I think “empathy” to be the most significant 
factor in our personality as manifested in our 
relationship with others.  It governs how we
behave and interact with others in many subtle 
ways.  Let me give you some examples.

I think public speakers – or mere social 
conversationists - must have empathy to be 
effective.  They must be able to put themselves 
in the position of the listener to be able to
 convey the speaker’s message.  A trap many 
speakers fall into is – without realizing it – 
assuming the listeners have the same context as
themselves.  Let me give a trivial and obvious 
example:  the speaker says, “Tom and Bill were
discussing the trip and he said…”  The speaker,
of course, knows to whom “he” refers to, but the 
listener doesn’t and is confused.  ALL indefinite 
pronouns have the potential of causing such 
confusion.  Avoid them if possible.  Their use
shows a lack of empathy.
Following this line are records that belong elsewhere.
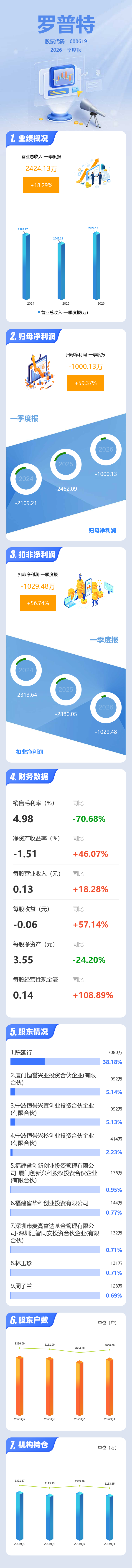 证券之星消息,罗普特2026年一季报显示,一季度公司主营收入2424.13万元,同比上升18.29%;归母净利润-1000.13万元,同比上升59.38%;扣非净利润-1029.48万元,同比上升56.75%;负债率46.19%,投资收益-86.13万元,财务费用42.04万元,毛利率4.98%。
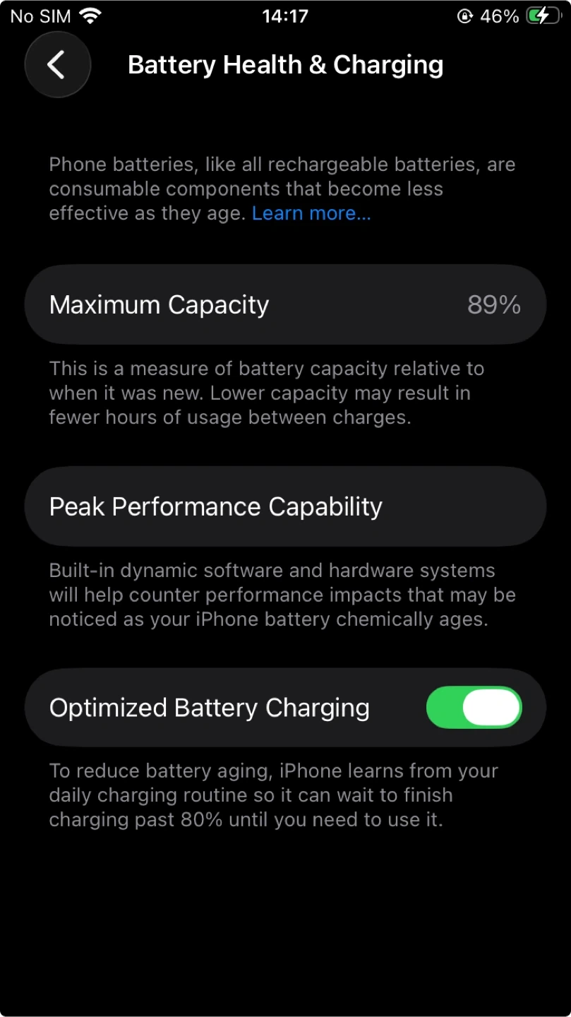 Original battery at 89% capacity.
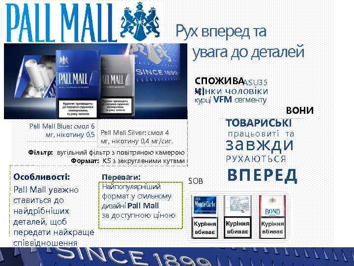 Рух вперед та увага до деталей СПОЖИВАASU 35 жінки чоловіки ЧІ курці VFM сегменту ТОВАРИСЬКІ Pall Mall Blue: смол 6 мг, нікотину 0, 5 Pall Mall Silver: смол 4 мг, нікотину 0, 4 мг/сиг. працьовиті та завжди Фільтр: вугільний фільтр з повітряною камерою Формат: KS з закругленими кутами Особливості: Pall Mall уважно ставиться до найдрібніших деталей, щоб передати найкраще співвідношення ціни та якості. Переваги: Найпопулярніший формат у стильному дизайні Pall Mall за доступною ціною ВОНИ РУХАЮТЬСЯ SOB ВПЕРЕД
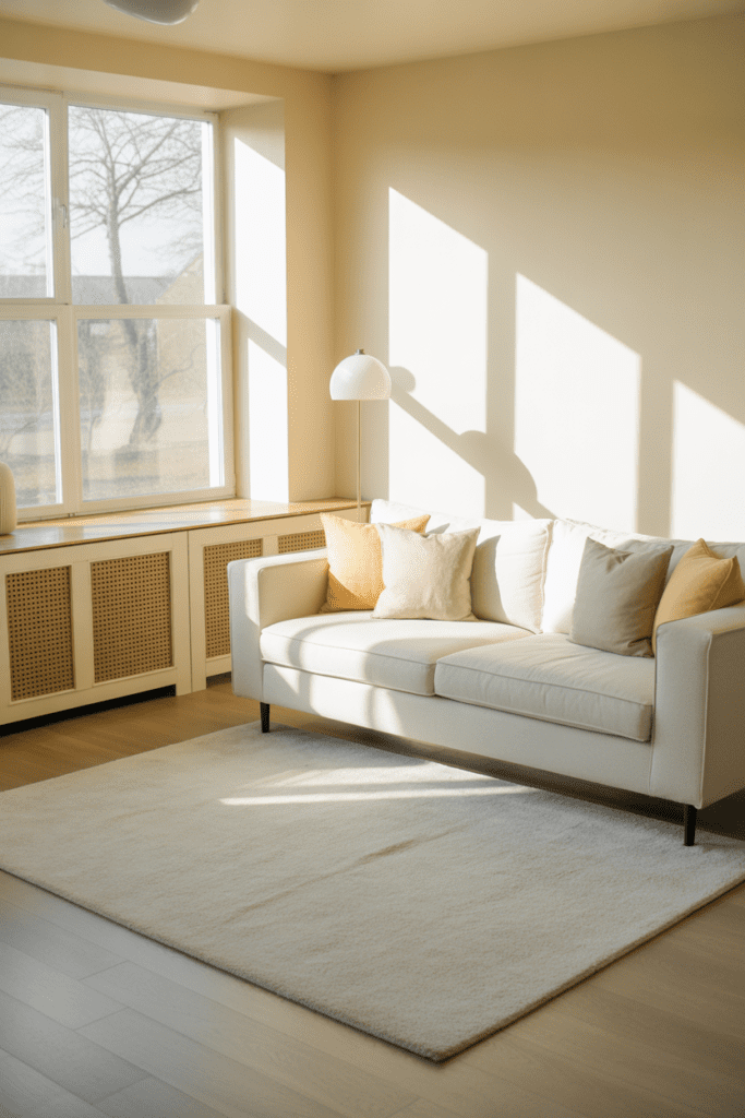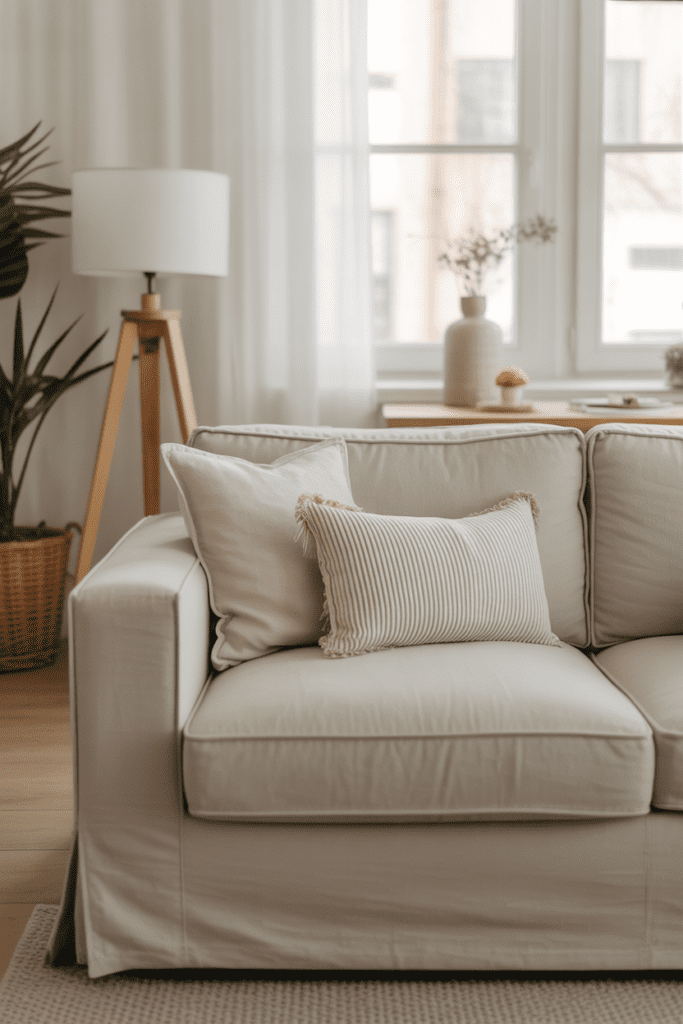 In the morning, when sunlight hits the slightly textured fabric, it adds dimension without visual weight. It’s a small upgrade that makes a big difference — perfect if you’re decorating on a budget and want your living room to feel fresh and light.

The biggest challenge 
in talking is to create in the listener’s mind the 
same context as the speaker has, so that what
follows makes sense.

Empathy can be a disadvantage.  I know people 
who deal with the poor and needy in non-profit 
organizations that dispense food and 
clothing. There is an interview process to
determine eligibility.  Needless to say, there are 
those who try to scam the system and if the 
interviewer is too empathic, every scam works.
Yet, it is often that very sensitive empathy which
puts the interviewer into that position.

It is believed by psychologists that a major 
benefit of reading fiction is the creation of 
empathy.  The reader feels what the characters 
in the book feel (if the author is doing their job).

The correlation between “lack-of-reading” and
“lack-of-empathy” among the prison population is high.

The proper balance between “selfishness” and 
“empathy” is critical.  When do you consider 
yourself and not the other?  Must one always
defer to a loved one?

“Empathy” is what enables the reading of “body-
language.”  How much do we trust our ability to 
do so?  What if we’re wrong?  Maybe the client
really does need the food and clothing and we’re 
just being overly cautious.

I suspect “empathy” is an essense of life.

© 2014 Lester C. Welch


1 comment:

  1. I like the part about avoiding the use of indefinite pronouns. My husband often says "they" when recalling an event, and when I ask him who "they" are he gets annoyed.